BigBeautifulMe said:


> Another 33 year old joining the club here... I've gone from dying to get married/have kids in my 20s to feeling like maybe I wasn't meant to be a mother and that marriage might not ever happen, and that's okay.... alllll the way back to, wow, I think I'd really like marriage/kids to happen reasonably soon. That's the problem... there's all this research out there saying once you hit 30 it's harder to have healthy babies... and you suddenly feel pressured (at least I do) to decide if you want it, because you won't be able to have babies forever... I think I want those things now, but I haven't found the right person... yet.



You still have time -- lots of people have healthy babies in their late thirties and early forties. I'm 48 and my wife is 41 we have two kids in daycare, one in high school, and two in grad school. Being a parent of little kids in my forties isn't really any harder than it was in my early twenties (just harder to catch the kids when they decide to run down the street).


----------



## BigBeautifulMe (Jul 21, 2012)

bigmac said:


> You still have time -- lots of people have healthy babies in their late thirties and early forties. I'm 48 and my wife is 41 we have two kids in daycare, one in high school, and two in grad school. Being a parent of little kids in my forties isn't really any harder than it was in my early twenties (just harder to catch the kids when they decide to run down the street).


Thanks.  I appreciate the encouragement.


----------



## Corwynis (Aug 10, 2012)

penguin said:


> This seems relevant



This reminds me of my old supply sergeant.


----------



## FAinPA (Aug 18, 2012)

My wife and I split up two years ago this month, due in large part to opposing stances regarding reproduction. There were other issues of course, but that was the biggie. Anyway, when the divorce issue naturally comes up in conversation, the reflex response of the person you are talking to is, "Do you have any kids?" And when I say no, they invariably say, "Oh, well that's good." And the look on their face tries to convey some kind of relief, even though they don't realize their non-verbal cues.
A majority of folks seem to assume that divorce is pain-free without children in the picture. I know they are probably just trying to make conversation and feel awkward when divorce comes up, but I'd hate to see their reaction to divorced people who do have kids.
Anyway, I know this isn't the biggest audience (in numbers, not size of course)  but I would advise you to choose other responses when divorce comes up in converation; maybe something as simple as, "That must be difficult, how are you handling it?" Personally, I use humor to deflect my feelings about what a painful loss it has been for me. Time is helping to heal, and I moved to the other side of my state, but it still enters my thoughts every day, reflexively.

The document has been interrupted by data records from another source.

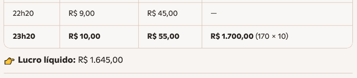 - Os lucros líquidos variaram de R$ 169,00 (centena 232, saída logo às 11h20) até R$ 1.645,00 (centena 119, saída às 23h20).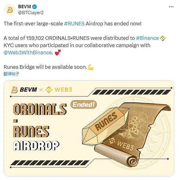 2、BEVM 宣布首次大规模 RUNES 空投现已结束!符文桥即将上线。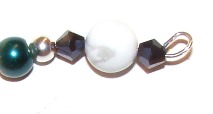 a. 1 – Black bicone, 1 – White Howlite round, 1 – Black bicone, 1- Silver-Plated smooth round metal bead, 1 – Midnight Green glass pearl, 1 – Silver-Plated rhinestone rondelle, 1 – Turquoise glass pearl, 1 – Silver-Plated smooth round metal bead, 1 – Black bicone, 1 – Tourmalated Quartz round, 1 – Black bicone, 1 – Silver-Plated smooth round metal bead, 1 – Turquoise glass pearl, 1 – Silver-Plated rhinestone rondelle, 1 – Midnight Green glass pearl, and 1 – Silver-Plated smooth round metal bead.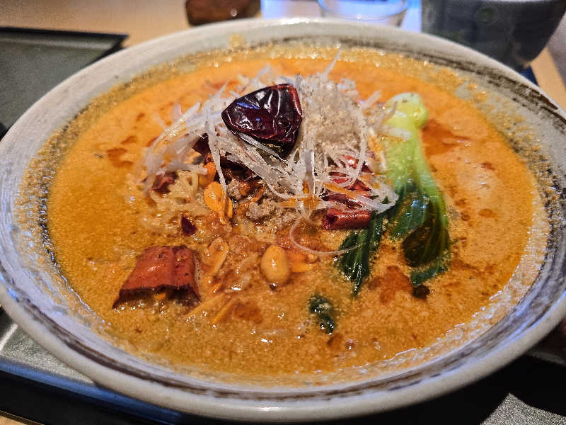 坦々麺 激辛スコーピオントッピング。辛さの中に旨みあり系ラーメン。結構辛いので次はスコピ無しもありか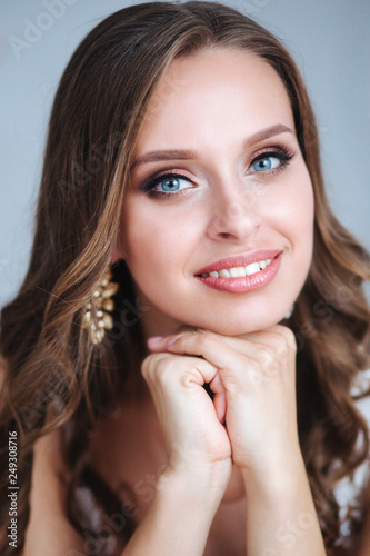 Obraz premium Beauty close-up portrait of bride with luxury make-up and hairstyle, studio indoor photo.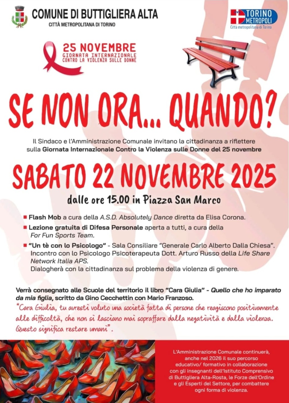 In occasione della Giornata Internazionale per l'Eliminazione della Violenza Contro le Donne del 25 Novembre, l'Amministrazione Comunale - Assessorati alle Pari Opportunità e allo Sport - promuove un pomeriggio di iniziative e riflessione, sabato 22 novembre dalle 15 in piazza San Marco.

Oh, yeah, the topic of being single and childless...count me in!


----------



## BriannaBombshell (Sep 8, 2012)

I am happy! I just turned 30 in May, I was married for 7 years of my 20's and have been single for 2 years now. I am growing, enjoying life, spending time with my family and friends. It's a good time for me right now!:smitten:

Fortunately my family respects my decision to not to have children at this time or maybe ever. It's hard to raise kids with the way the world is and money, and school and and and... and they agree. :blink:

I would have to say relationship wise, I do sometimes wish for someone to spend my time with. Mostly though I work past those feelings and continue to enjoy life while I wait for the right man to come along. Don't get me wrong I do go out and meet men for dates and such but I'm not going to get into a relationship just because I am lonely. I did that once, I will nEVER do that again. 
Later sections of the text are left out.